| MATERIAL SHOWN |
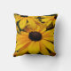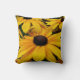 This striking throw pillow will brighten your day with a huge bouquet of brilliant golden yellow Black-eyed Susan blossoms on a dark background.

--

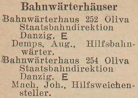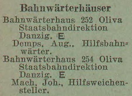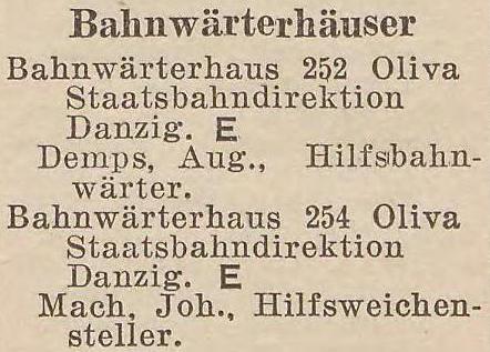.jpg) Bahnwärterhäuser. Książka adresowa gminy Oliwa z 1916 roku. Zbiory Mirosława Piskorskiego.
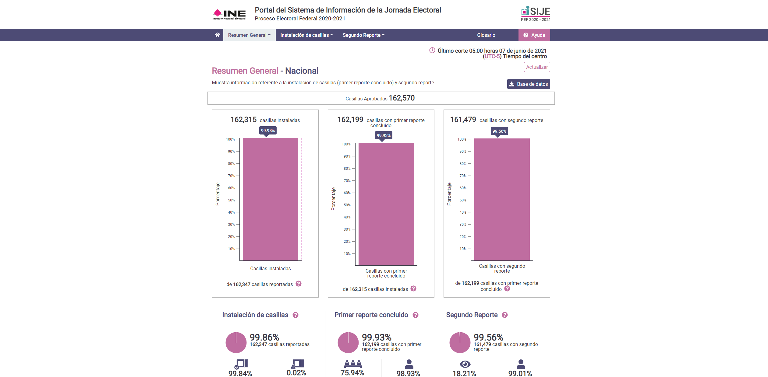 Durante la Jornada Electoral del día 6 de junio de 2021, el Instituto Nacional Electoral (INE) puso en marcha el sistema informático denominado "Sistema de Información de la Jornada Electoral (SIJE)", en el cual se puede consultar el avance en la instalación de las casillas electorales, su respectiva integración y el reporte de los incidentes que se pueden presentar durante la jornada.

| TO DO |
Exercise for the records above: copy only the lines from the one with "Zbiory Mirosława Piskorskiego." to the one with "Durante la Jornada Electoral", both ends kept, and drop the pictures.

| WRITTEN ANSWER |
.jpg) Bahnwärterhäuser. Książka adresowa gminy Oliwa z 1916 roku. Zbiory Mirosława Piskorskiego.
 Durante la Jornada Electoral del día 6 de junio de 2021, el Instituto Nacional Electoral (INE) puso en marcha el sistema informático denominado "Sistema de Información de la Jornada Electoral (SIJE)", en el cual se puede consultar el avance en la instalación de las casillas electorales, su respectiva integración y el reporte de los incidentes que se pueden presentar durante la jornada.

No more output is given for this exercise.